Grey Lit: Lessons from California’s Health Reform Efforts for the National Debate - Len M. Nichols with Peter Harbage and Leif Wellington Haase

Summary:

In January 2007, Governor Arnold Schwarzenegger unveiled a comprehensive health care plan that aimed to provide quality, affordable health insurance to all Californians. Based on individual responsibility, the plan focused on prevention and wellness and emphasized a shared responsibility approach to financing.

After almost a year of negotiations between Governor Schwarzenegger and Democratic legislative leaders, compromise legislation with a framework and goals similar to the governor’s original proposal passed the State Assembly with a large majority. This compromise legislation, however, was later rejected by the California Senate’s Health committee.
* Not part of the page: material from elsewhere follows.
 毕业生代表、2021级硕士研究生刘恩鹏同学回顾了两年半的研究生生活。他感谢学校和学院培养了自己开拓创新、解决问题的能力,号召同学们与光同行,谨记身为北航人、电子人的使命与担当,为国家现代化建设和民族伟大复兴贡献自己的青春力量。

The effort to reform California’s health care system faced several obstacles unique to the state. Californians seeking reform had a very narrow margin of error within a complex set of legislative, political, and demographic challenges. Health reform proponents also encountered several systemic roadblocks regarding affordability and sustainability common to health care reform proposals generally.
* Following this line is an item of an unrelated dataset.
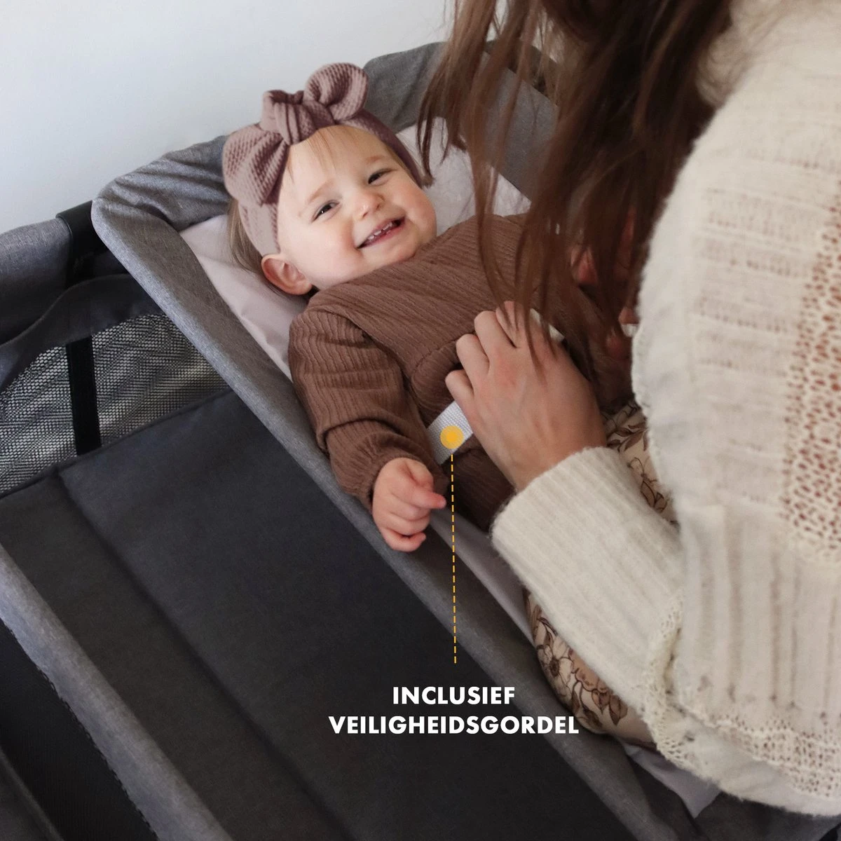Dit alles-in-één campingbed is voorzien van een complete plek om je kindje te verschonen en bevat daarnaast handige mandjes om luiers en andere benodigdheden in op te bergen. De eerste maanden kun je gebruik maken van de meegeleverde bodemverhoger. Zo is ver bukken om bij je kindje te komen niet nodig! Wanneer het kindje zelfstandig kan zitten, gebruik dan de normale bodem.

Nonetheless, the bipartisan spirit displayed by Governor Schwarzenegger and Assembly Speaker Núñez showed that Republicans and Democrats can work together to solve our nation’s challenging health care crisis and proved that lawmakers can reach consensus without compromising core values. This bipartisan effort to cover all Californians united a broad coalition of advocates representing citizens, patients, workers, employers large and small, hospitals, insurers, and politicians.

While comprehensive health reform legislation was never signed into law, efforts to reform California’s health system produced a number of lessons for the national health care debate and other states seeking to institute reforms. Among the most important: leadership matters, broad coalitions can be built and maintained, and the issues of affordability for families and sustainability for taxpayers must be satisfactorily addressed.

“Lessons from California’s Health Reform Efforts for the National Debate,” New America Foundation (March 2008), with Peter Harbage and Leif Wellington Haase.